26.5.2012   

PT

Jornal Oficial da União Europeia

C 150/13


Publicação de um pedido de alteração em conformidade com o artigo 6.o, n.o 2, do Regulamento (CE) n.o 510/2006 do Conselho relativo à proteção das indicações geográficas e denominações de origem dos produtos agrícolas e dos géneros alimentícios

2012/C 150/08

A presente publicação confere um direito de oposição nos termos do artigo 7.o do Regulamento (CE) n.o 510/2006 do Conselho (1).
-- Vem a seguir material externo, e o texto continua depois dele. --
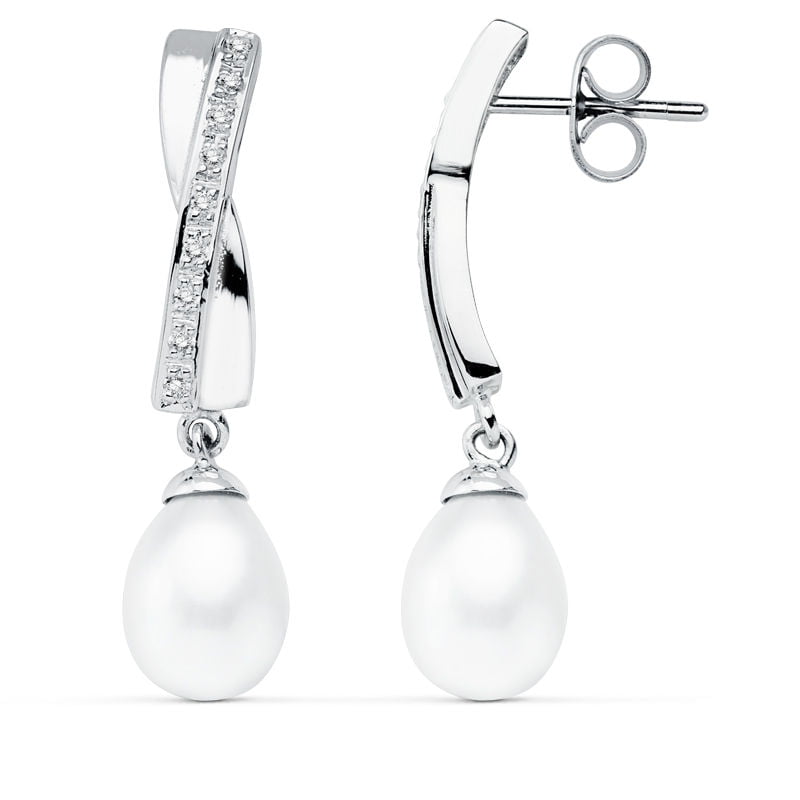 PENDIENTES ORO BLANCO 9 KTES PERLA. 32 X 7 MM.

As declarações de oposição devem dar entrada na Comissão no prazo de seis meses a contar da data da presente publicação.

PEDIDO DE ALTERAÇÃO

REGULAMENTO (CE) N.o 510/2006 DO CONSELHO

PEDIDO DE ALTERAÇÃO AO ABRIGO DO ARTIGO 9.o

«DANABLU»

N.o CE: DK-PGI-0217-0328-21.02.2011

IGP ( X ) DOP ( )

1.   Rubrica do caderno de especificações objeto da alteração:

Nome do produto

Descrição do produto

Área geográfica

Prova de origem

Método de obtenção

Relação

Rotulagem

Exigências nacionais

Outras (especificar)

2.   Tipo de alteração(ões):

Alteração ao documento único ou ficha-resumo

Alteração ao caderno de especificações da DOP ou IGP registada para a qual não foi publicado o documento único nem a ficha-resumo

Alteração ao caderno de especificações que não exige a alteração do documento único publicado [artigo 9.o, n.o 3, do Regulamento (CE) n.o 510/2006]
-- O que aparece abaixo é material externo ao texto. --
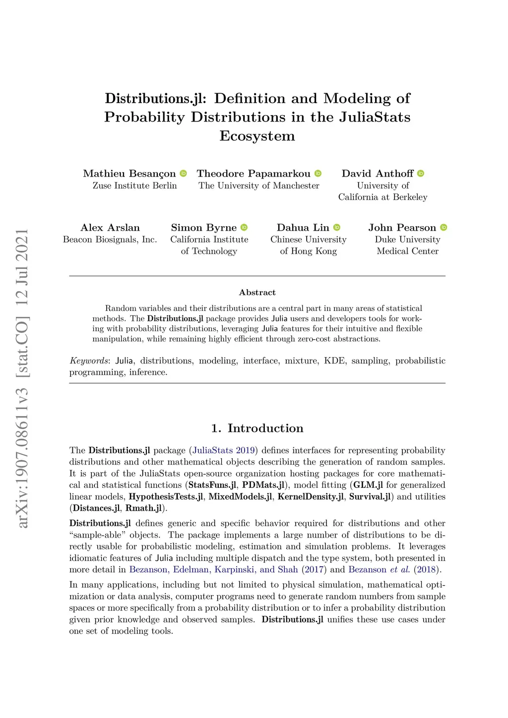 Distributions.jl: Definition and Modeling of Probability Distributions

Alteração temporária do caderno de especificações decorrente da imposição de medidas sanitárias ou fitossanitárias pelas autoridades públicas [artigo 9.o, n.o 4, do Regulamento (CE) n.o 510/2006]

3.   Alteração(ões):

3.1.   Descrição do produto:

3.1.1.   Teor de humidade do «Danablu» 60+

Para garantir, do ponto de vista da produção, a manutenção da firmeza do «Danablu» 60+, caracterizado pela sua textura «geralmente mole, fácil de cortar e barrar, ligeiramente mais firme e abatida junto aos bordos», o teor mínimo do extrato seco passa de 58 % (teor máximo de humidade: 42 %) para 56 % (teor máximo de humidade: 44 %).
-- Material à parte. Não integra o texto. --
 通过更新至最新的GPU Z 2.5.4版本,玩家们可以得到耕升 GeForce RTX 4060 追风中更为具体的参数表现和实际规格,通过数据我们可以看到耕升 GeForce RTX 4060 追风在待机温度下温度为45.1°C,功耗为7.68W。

Constata-se que algumas queijarias fabricam «Danablu» 60+ com um teor de humidade inferior ao prescrito no caderno de especificações, por receio de ultrapassar o limite de 42 %. Este facto pode conferir ao «Danablu» 60+ uma consistência ligeiramente mais firme e menos cremosa do que a exigida. Com base nesta constatação, a associação de produtores verificou, num período de três anos, a incidência de tais teores de humidade/extrato seco na apreciação global do produto. A relação entre o teor de humidade do «Danablu» 60+ e a sua consistência, cheiro e sabor, bem como a sua classificação global, foi analisada por uma comissão técnica, com base nas análises realizadas ao «Danablu» 60+ pelo Steins Laboratorium A/S. Um exame mais cuidado dos resultados revelou ser possível fabricar «Danablu» 60+ de boa qualidade com um teor de humidade superior a 42 % e que o estabelecimento do teor máximo de humidade em 44 % evitaria situações em que as queijarias, na tentativa de respeitarem o limite de 42 %, acabassem por fabricar «Danablu» 60+ de consistência mais firme e menos cremosa do que a exigida no caderno de especificações.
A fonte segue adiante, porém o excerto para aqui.